An A-State professor talks AI: “It’s more exciting than scary at the moment.”

Garry Kasparov, a chess grandmaster, plays against Deep Blue, IBM’s chess-playing artificial intelligence. Deep Blue beat Kasparov in a six-game match

An Arkansas State University computer science professor said artificial intelligence is nothing new.

Jason Causey, Ph.D., an associate professor, added that AI has been around for longer than people think.

“This term ‘AI’ we tend to call machine learning. Machine learning has been around for a long time and using that to make decisions and some data-driven decisions. It’s everywhere. It’s in everything,” Causey said. “We’ve been building systems that learn from datasets for a long time.”

AI programs have to be trained. The program is given data depending on what the model is intended to do. For ChatGPT, text-based information is fed into the model. For image-generators like Stable Diffusion or DALL-E, various pictures train the software.

Ross Carroll, Ph.D., an associate professor of physics spoke about how AI worked in the Nov. 14 AI in Higher Education Faculty Learning Community meeting. “It’s only as good as the model and the data that you use to train it,” Carroll said. “When you put something into ChatGPT, that becomes their new training data. They’re constantly training, you’re giving them that data.”

Causey said AI is a computer that is programmed to think or act like a person. “When you think of modern AI, you’re thinking of neural networks, large language models and ChatGPT. All of that is based on these neural networks and that’s been around since 1943,” Causey said. “But we couldn’t really do it back then because the technology wasn’t good enough.”

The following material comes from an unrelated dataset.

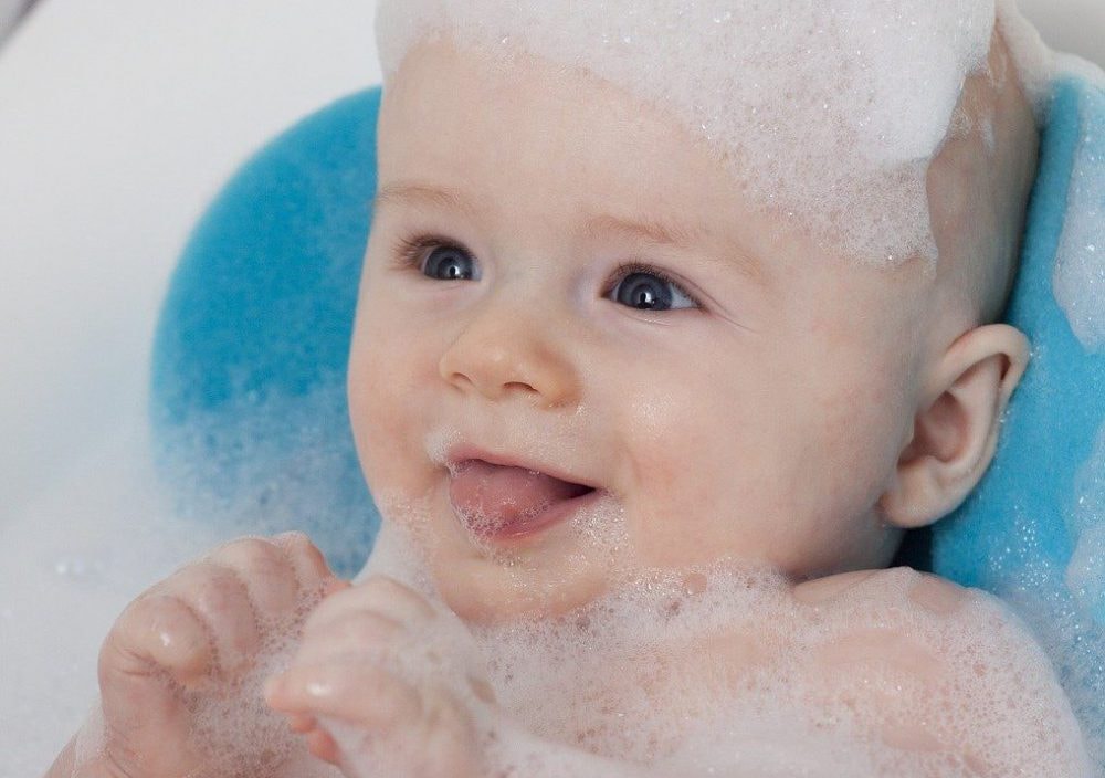 顔がきれいになったら、頭をお湯で濡らします。赤ちゃんの皮膚は大人の半分ほどの薄さです。界面活性剤の濃度が大人用よりも薄めの「赤ちゃん用ボディソープ」や「ベビー石けん」を使いましょう。

A neural network is a method of teaching computers to process information in a similar fashion to the human brain. Large language models are a type of AI trained using large datasets, like ChatGPT.

History:

1950s: Research about AI has been ongoing since the 1950s. British mathematician and computer scientist Alan Turing discussed how to build machines and test their intelligence in his 1950 paper “Computing Machinery and Intelligence.” Turing suggested the possibility of an “electronic brain.”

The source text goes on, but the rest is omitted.